## EXCERPTED RECORDS
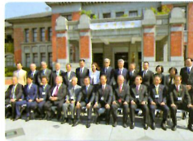
新竹市政府庁舎前にて
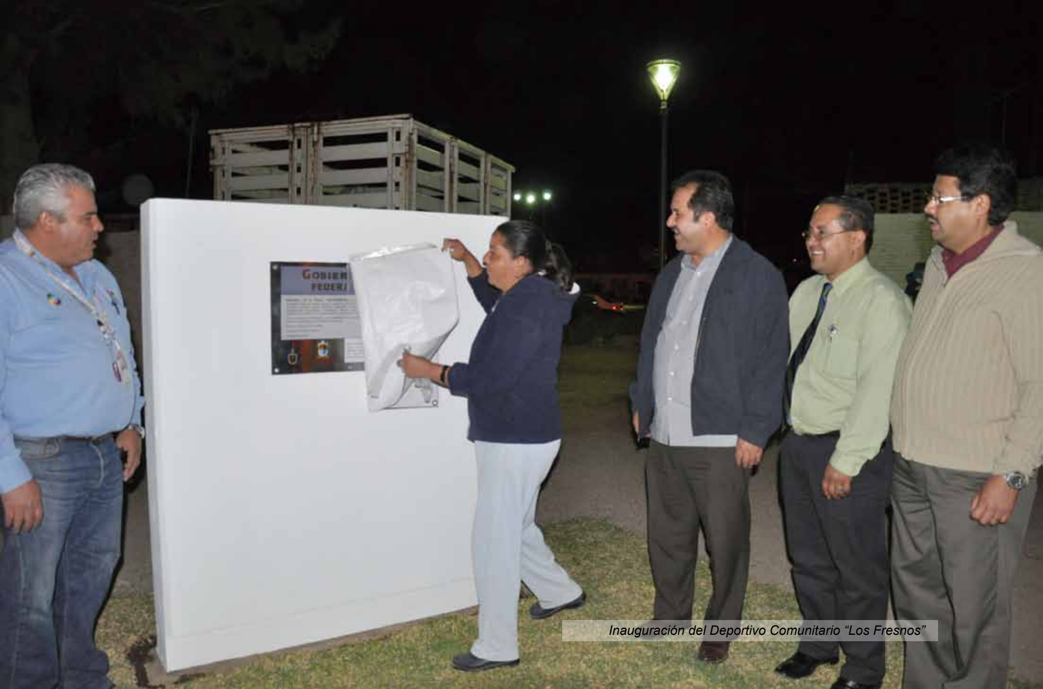
Inauguración del Deportivo Comunitario "Los Fresnos"
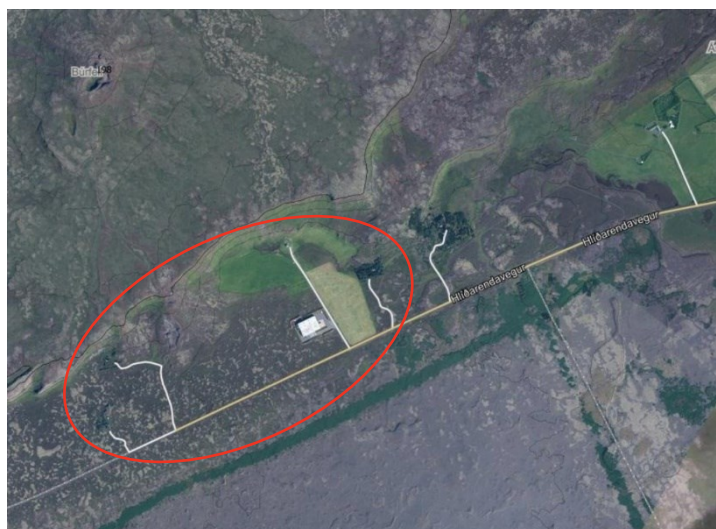
Mynd 1 Yfirlits mynd af skipulagssvæðinu.

Jörðin er mikið til hraun, sem er nokkuð mosagróið. Gras og mólendi er nokkuð kring um Geitafell og einnig sunnan hjallans, þar sem heimatún/svæði jarðarinnar er. Landi hallar til suðurs og stendur heimasvæði í skjóli við allmikinn hjalla. Skv. vistgerðakorti Náttúrufræðistofnunar er svæðið að mestu þakið lynghraunavist og sandorpnu hellu-hrauni sem er hluti af Leitarhrauni sem nýtur sérstakrar verndar skv. 61. gr. laga nr. 60-1013 um náttúruvernd. Hraunið hefur þó talsverða útbreiðslu á svæðinu og hefur þegar verið raskað vegna uppbyggingar.
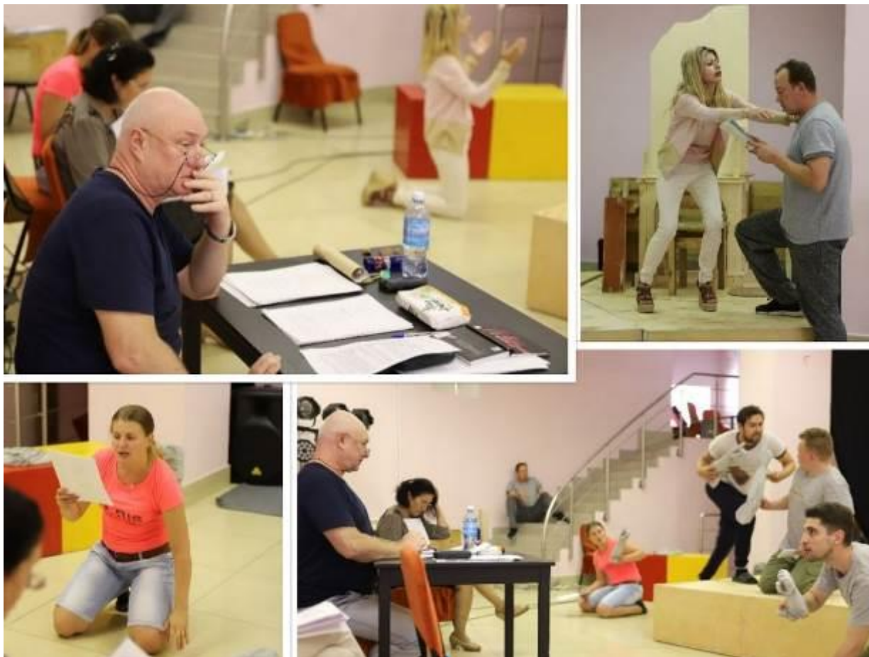
Φωτο ε repetιτιονηνογο προεεσα / Φωτογραφίεσ από τιεσ πρόβεσ.

ὦ πάτρασ Θήβησ ἔνοικοι, λεύσσετ', Οἰδίπουσ ὄδε, ὄσ τὰ κλείν' αἰνίγματ' ἤδει καὶ κράτιστοσ ἦν ἀνὴρ, οὐ τίσ οὐ ζήλω πολιτῶν ἦν τύχαισ ἐπιβλέπων, εἰσ ὄσον κλύδωνα δεινῆσ συμφορᾶσ ἐλήλυθεν. ὥστε θνητὸν ὄντα κείνην τὴν τελευταίαν ιδεῖν ἡμέραν ἐπισκοποῦντα μηδέν' ὀλβίζειν, πρὶν ἂν τέρμα τοῦ βίου περάσῃ μηδὲν ἀλγεινὸν παθῶν.
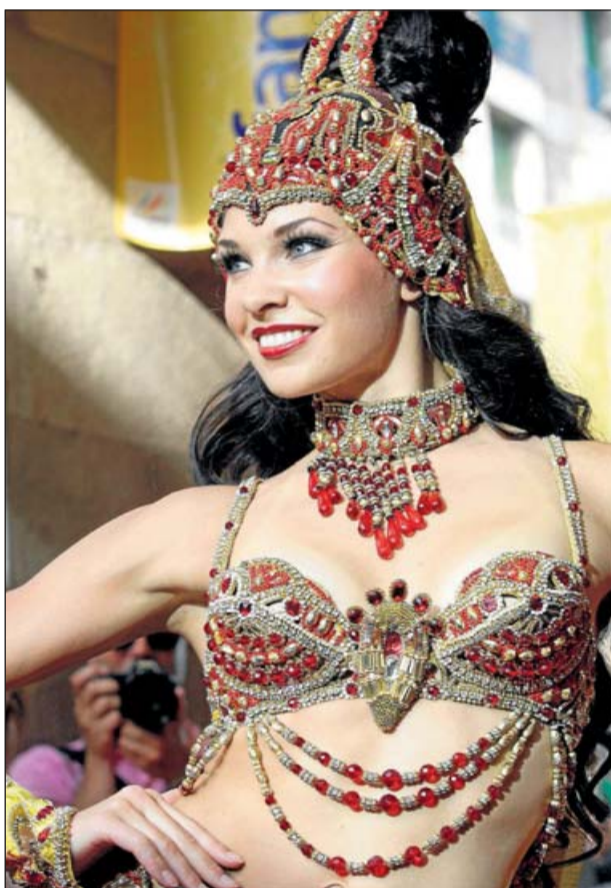
Tocados sugerentes, pedrería de lujo.
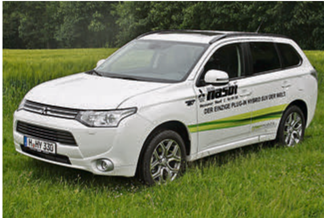
Grüne Technik: der saubere Mitsubishi Outlander Plug-in Hybrid sieht aus wie ein normaler SUV und fährt sich auch so.

Vom Mitsubishi-Händler Hasbi Automobile in Hannover bekomme ich den Sauberermann zum Testen zur Verfügung gestellt – und stelle fest: Äußerlich unterscheidet er sich kaum (bis auf ein paar Chromleisten im Kühlergrill) von einem konventionellen Outlander. Warum auch? Schließlich ist der Outlander ein ansprechend gestalteter Vertreter seiner Klasse, der auf 4,65 Metern Länge konservative Gelassenheit ausstrahlt. Erst beim Blick unter die Haube und auf das Schnittbild des Plug-in Hybrid im Prospekt erkennt man, welchen Aufwand die Ingenieure bei Mitsubishi betrieben haben: neben einem 2-Liter Benziner mit 121 PS arbeiten an der Vorderachse noch ein Elektromotor mit umgerech-
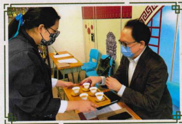
學生向教育局總課程發展主任（德育、公民及國民教育）譚家強博士奉茶，實踐敬茶禮儀。
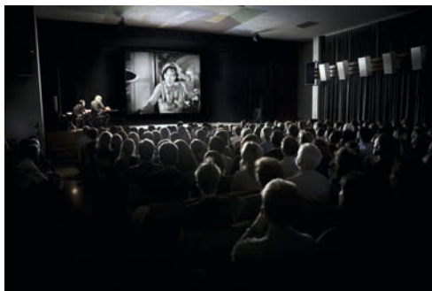
Page de gauche : Nuit des images 2012

Soixante-neuf photographes ont présenté leur travail en 2012 aux conservateurs du musée et 16 ont pu faire découvrir leurs œuvres au grand public lors de deux projections qui se sont déroulées le 9 mars et le 5 octobre.
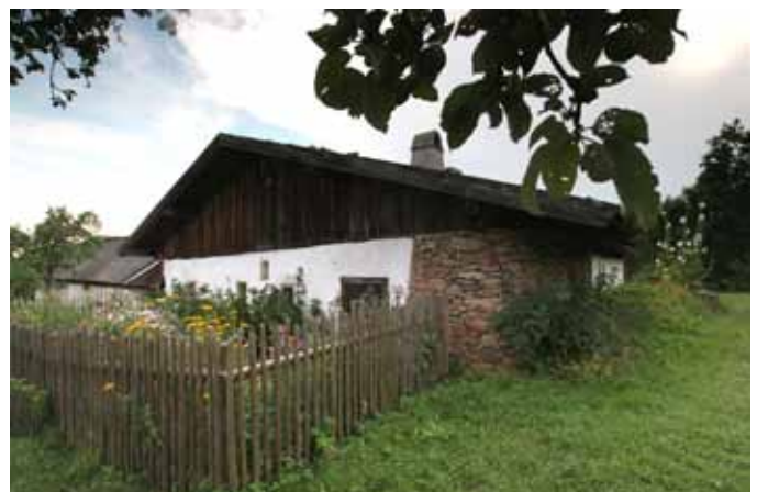
Denkmalhof Unterkagerer Auberg
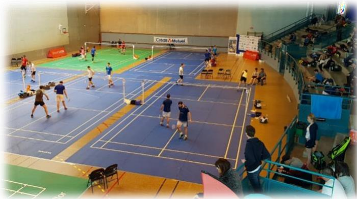
Gymnase Maurice Herzog
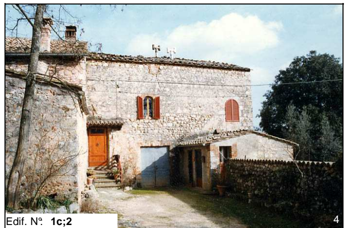
Edif. N° 1c;2
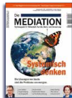
Ausgabe IV | 2017
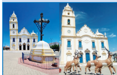
Centro histórico de Aracati, guarda muitas surpresas.

RUA GRANDE - via histórica de sobrados coloniais, museus e o famoso museu Jaguaribe.
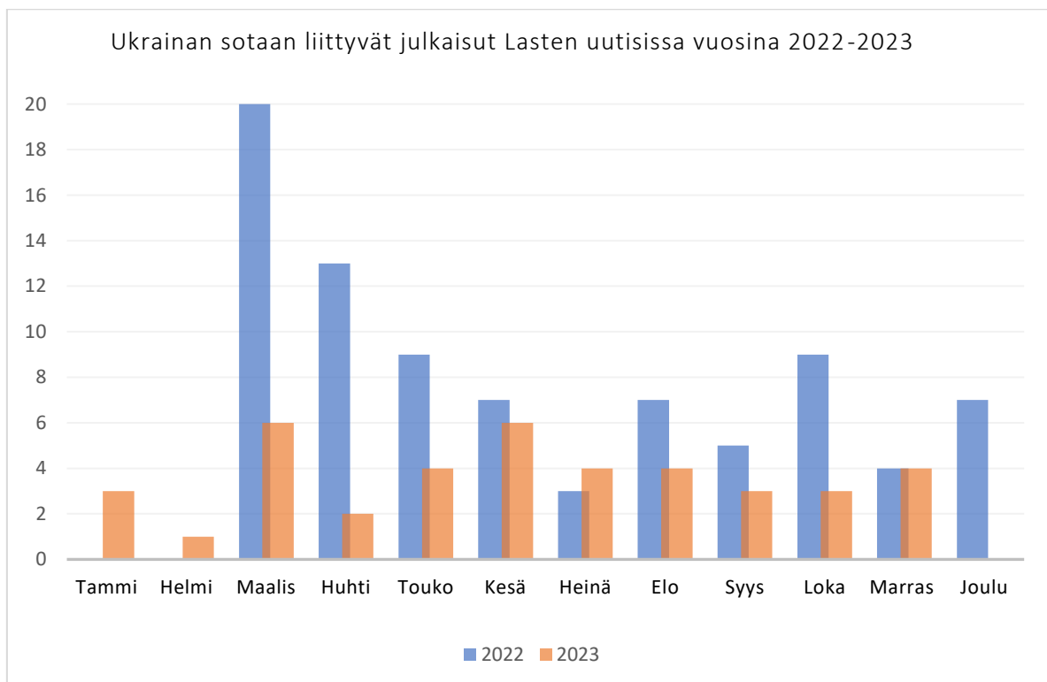
Kuvio 1: Sotauutisten jakauma kuukausittain.

Ukrainan sotaan liittyvien juttujen määrä oli korkeimmillaan aivan sodan alussa, maaliskuussa 2022. Tällöin juttuja julkaistiin neljä kertaa kuukaudessa ilmestyvän lehden sivuilla yhteensä lähes 20 kertaa. Tämän jälkeen julkaisu väheni ja kävi hyvin alhaalla heinäkuussa, jolloin juttuja ilmestyi vain alle viisi kuukauden aikana. Julkaisutahti nousi hieman syksyä kohti, mutta julkaisujen määrä tavoitti enää vain kaksi kertaa vuoden 2023 aikana yli viiden kuukausijulkaisun rajan. Kokonaisuudessaan tutkittavalla ajanjaksolla julkaistiin yhteensä 131 Ukrainan sotaa käsittelevää juttua. Yhdessä sanomalehdessä oli keskimäärin 1–3 aineistoon mukaan sisällytettyä julkaisua. Tutkimusajankohdalle osui myös useampi julkaisukerta, jolloin kaikki printtilehden aiheet käsittelivät jotain muuta kuin Ukrainan sotaa. Alla jako kuvaajalla:
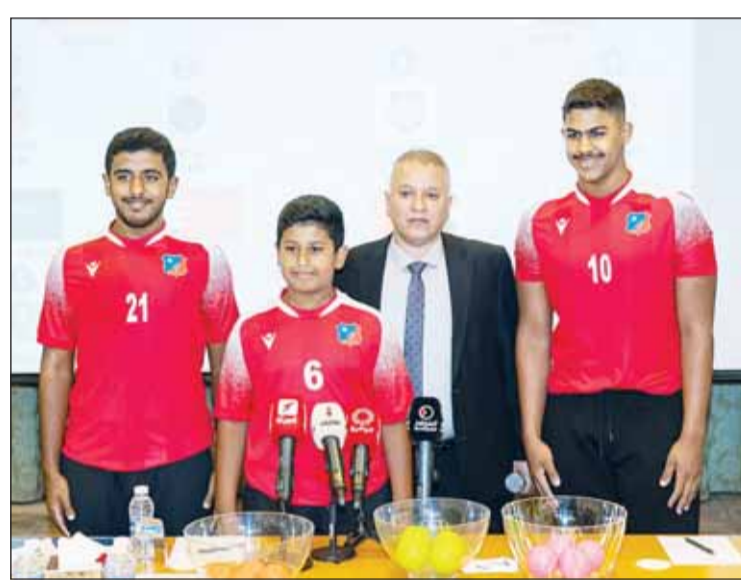
عجال مدوه ساهموا بعملية إجراء قرعة البطولة

ونوه الرشيدى، إلى أن نادي الكويت يعمل ضمن نظام احترافي شامل، وأن الرئيس الفخري مرزوق الغانم ورئيس النادي خالد الغانم هم من رسخوا هذا النظام لجميع الفرق، وأن "الأبيض" يدخل كل بطولة
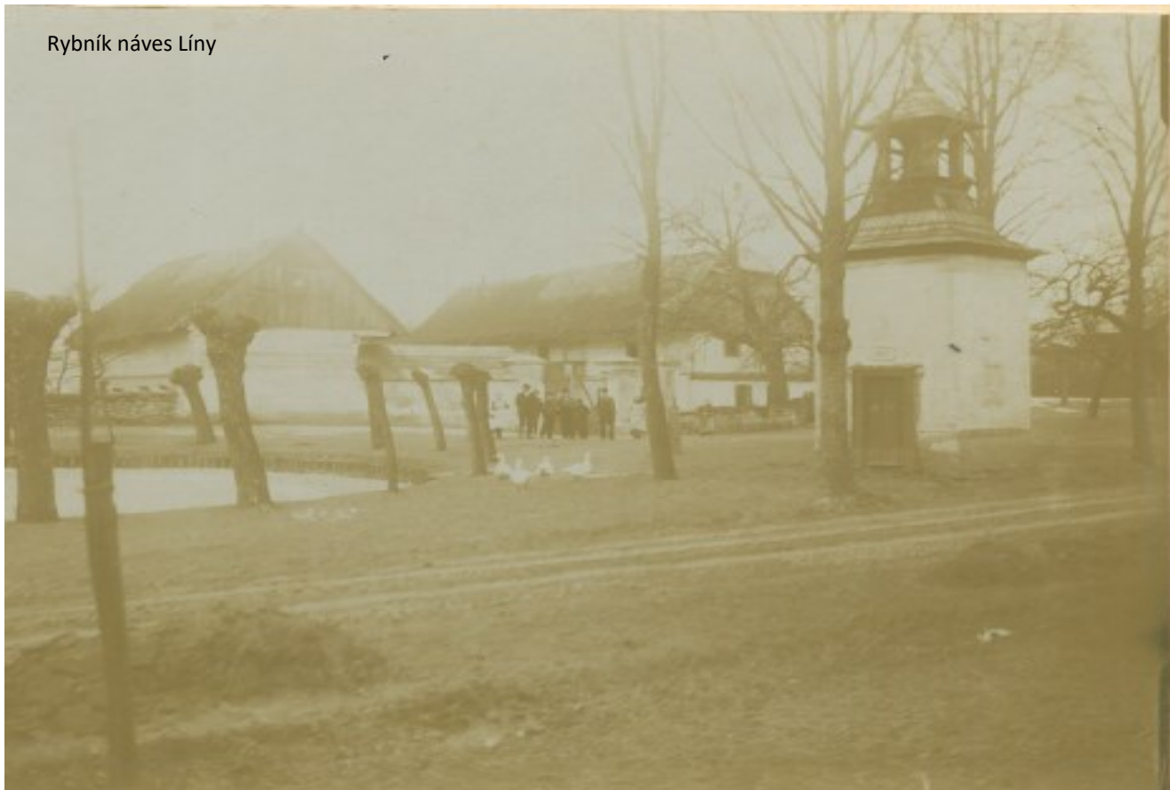
Rybník návěs Líny

hry platilo nepsané pravidlo holčičky bruslily u Pavlíčků a kluci hráli hokej na Podvodníku, ale samozřejmě si na obou rybnících hrály všechny děti. Další vodní plochy byly na každém větším dvoře, voda se využívala pro dobytek a drůbež. Napočítali jsme jich nejméně dalších šest. Voda do nich stékala ze střech a při tání sněhu. Ptala jsem se, kde brali vodu lidé pro sebe na pití, vaření a praní. Tak taky ze střech, kdy dešťová voda stékala do studní a ta se pak převažovala, nebo se chodilo do studánek anebo se jezdilo voznicemi do Jizery. Když se v roce 1910 postavil vodovod, neznamenalo to, že měli vodu doma v kuchyni, ale po vsi byly litinové pumpy, které byly připojeny na řád. Některé rybníčky byly zasypány, jiné vyschly, a tak už zůstaly jen dva, ten na návsi a jeden je u Kašpárků na zahradě.
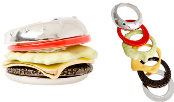
Рис. 6. Кольцо «Burger»

Кофе и лежащий рядом дневник всегда неплохо смотрятся вместе. Ну а если к ним добавить перьевую ручку и разместить это все на маленьком подносике. Казалось бы, такой обычный набор вещей. Но если понимать, что этот набор находится на руке, то удивлению не будет границ. Это необычное кольцо создано SouZouCreations (рис. 7). Производители уверены, что такое оригинальное кольцо предназначено для тех, кто любит созерцать жизнь и при этом записывать свои мысли [4].
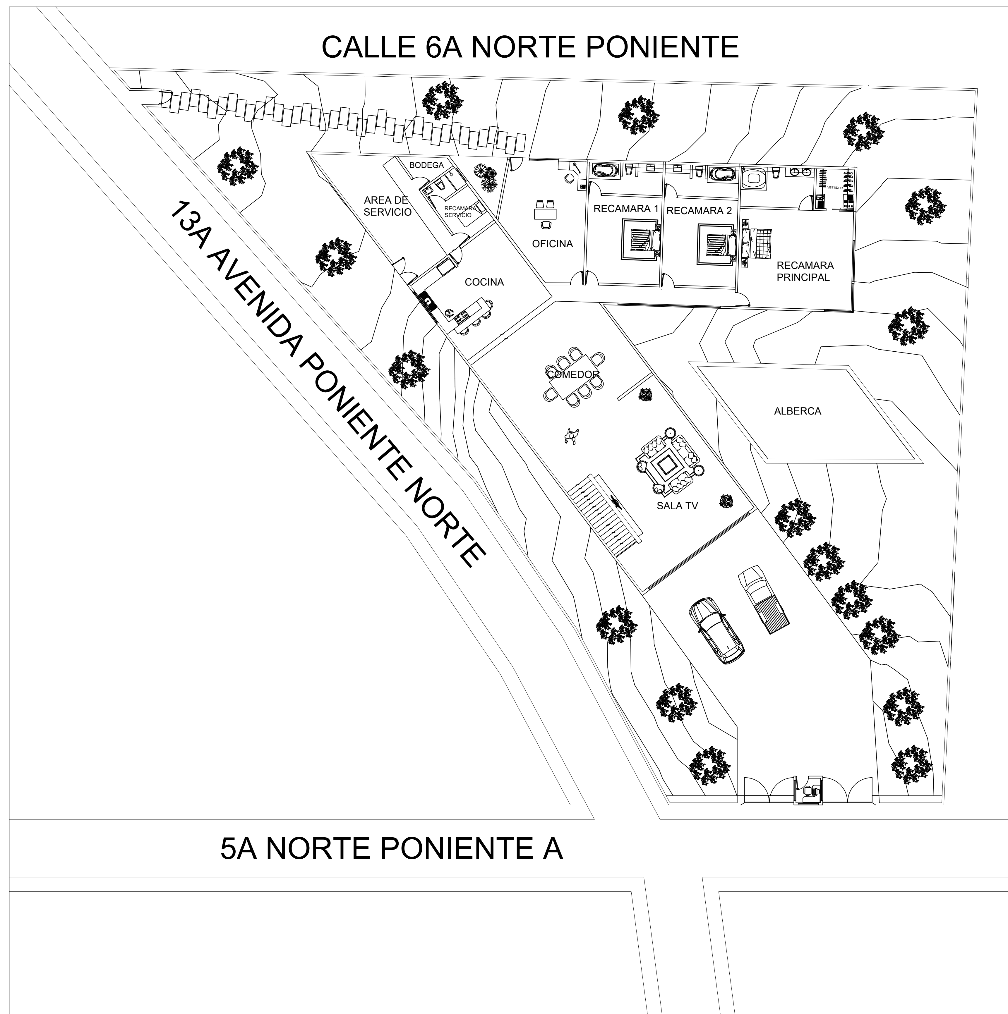
PLANTA ARQUITECTONICA ESC.....1:200

## DIRECTIONS FOR THIS TASK
Going through the entries above, count the lines with the word "sich". Give only the result.

## TASK RESPONSE
2